Choi Ji Hye, Jeon Byeong Geon, Choi Sang-Gi, Han Eon Chul, Ha Heon-Kyun, Oh Heung-Kwon, Choe Eun Kyung, Moon Sang Hui, Ryoo Seung-Bum, Park Kyu Joo
Department of Surgery, Seoul National University College of Medicine, Seoul, Korea.
Department of Surgery, Bundang Jesaeng Hospital, Seongnam, Korea.
Ann Coloproctol. 2014 Feb;30(1):35-41. doi: 10.3393/ac.2014.30.1.35. Epub 2014 Feb 28.
A rectourethral fistula (RUF) is an uncommon complication resulting from surgery, radiation or trauma. Although various surgical procedures for the treatment of an RUF have been described, none has gained acceptance as the procedure of choice. The aim of this study was to review our experience with surgical management of RUF.

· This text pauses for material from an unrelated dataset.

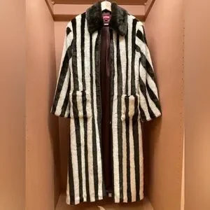 Luxurious faux fur coat with striking stripes. Ideal for chic outings.

The outcomes of 6 male patients (mean age, 51 years) with an RUF who were operated on by a single surgeon between May 2005 and July 2012 were assessed.

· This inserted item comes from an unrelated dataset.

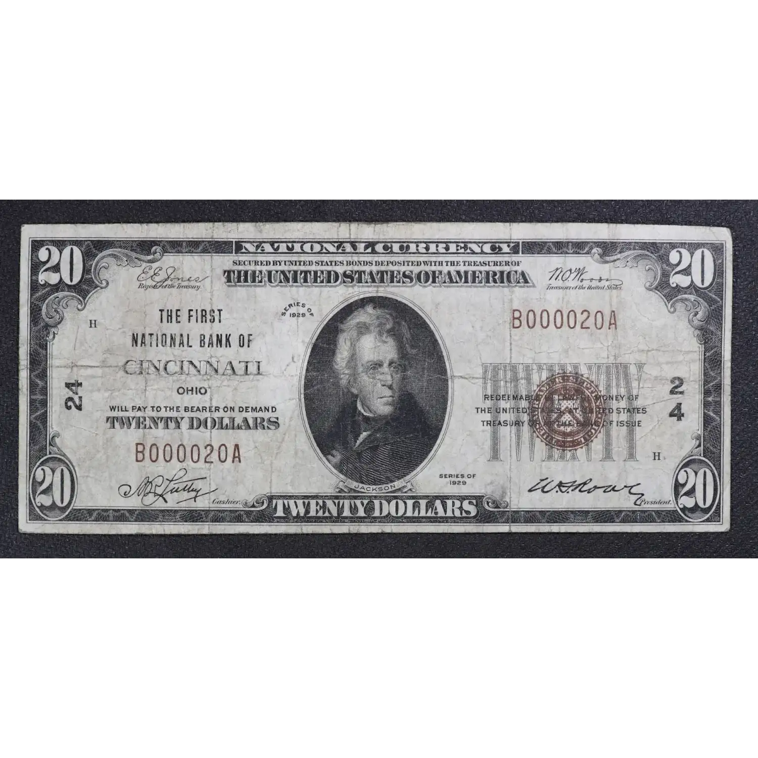 $20 1929 small brown seal. Small National Bank Notes 1802-1

The causes of the RUF were iatrogenic in four cases (two after radiation therapy for rectal cancer, one after brachytherapy for prostate cancer, and one after surgery for a bladder stone) and traumatic in two cases. Fecal diversion was the initial treatment in five patients. In one patient, fecal diversion was performed simultaneously with definitive repair. Four patients underwent staged repair after a mean of 12 months. Rectal advancement flaps were done for simple, small fistula (n = 2), and flap interpositions (gracilis muscle flap, n = 2; omental flap, n = 1) were done for complex or recurrent fistulae. Urinary strictures and incontinence were observed in patients after gracilis muscle flap interposition, but they were resolved with simple treatments. The mean follow-up period was 28 months, and closure of the fistula was achieved in all five patients (100%) who underwent definitive repairs. The fistula persisted in one patient who refused further definitive surgery after receiving only a fecal diversion.
Depending on the severity and the recurrence status of RUF, a relatively simple rectal advancement flap repair or a more complex gracilis muscle or omental flap interposition can be used to achieve closure of the fistula.
直肠尿道瘘(RUF)是手术、放疗或外伤引起的一种罕见并发症。虽然已经描述了多种治疗RUF的手术方法,但尚无一种被公认为首选方法。本研究的目的是回顾我们对RUF手术治疗的经验。
评估了2005年5月至2012年7月间由一名外科医生为6例男性RUF患者(平均年龄51岁)实施手术的结果。
RUF的病因中,4例为医源性(2例为直肠癌放疗后,1例为前列腺癌近距离放疗后,1例为膀胱结石手术后),2例为外伤性。5例患者初始治疗采用粪便转流。1例患者在进行确定性修复的同时进行了粪便转流。4例患者平均在12个月后进行了分期修复。对于简单、较小的瘘(n = 2)采用直肠推进皮瓣修复,对于复杂或复发性瘘采用皮瓣插入术(股薄肌皮瓣,n = 2;网膜瓣,n = 1)。股薄肌皮瓣插入术后患者出现尿道狭窄和尿失禁,但经简单治疗后得到缓解。平均随访期为28个月,所有5例接受确定性修复的患者(100%)瘘口均愈合。1例仅接受粪便转流后拒绝进一步确定性手术的患者,瘘口持续存在。
根据RUF的严重程度和复发情况,可采用相对简单的直肠推进皮瓣修复或更复杂的股薄肌或网膜瓣插入术来实现瘘口闭合。